Here's a video describing the flow:
<http://www.youtube.com/watch?v=xWHEi8baCPE>

------
oflannabhra
They're in the process of building one of these here in Lexington, KY. The
link the the video simulation was definitely enlightening. We'll see whether
drivers will actually be able to pick up how to navigate it.

------
Bo102010
There is one of these 300 meters from my apartment.

It's not very confusing exiting the highway and turning left - just follow the
lights.

It is kind of confusing exiting the highway and turning right. Right-on-red is
allowed, and to make such a maneuver you have to look in strange places for
traffic that might hit you.

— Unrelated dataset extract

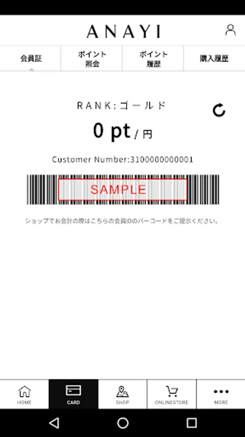 - membership card bar code (Please present at the cash register at the time of purchase in the shop)

I've almost messed it up a few times. The other
option is to let people honk at you while you wait for a green.

I'm curious as to what will happen when the power to the lights fails.

------
murz
Reminds me of Michigan left.

<http://en.wikipedia.org/wiki/Michigan_left>

------
pedalpete
isn't each point of cross-over/merging a more likely point of failure?

I could see there being less accidents of the left-turn variety being
exchanged for more less-dramatic accidents.

Aren't we better of just using roundabouts? or
<http://en.wikipedia.org/wiki/Roundabout#Turbo_roundabouts?>?

------
digitalstax
I lived a few blocks from the one in Springfield, MO when it was built. It
just doesn't feel right at first. But I haven't heard of any problems and it
seems to serve its purpose.

------
savrajsingh
You mean a roundabout?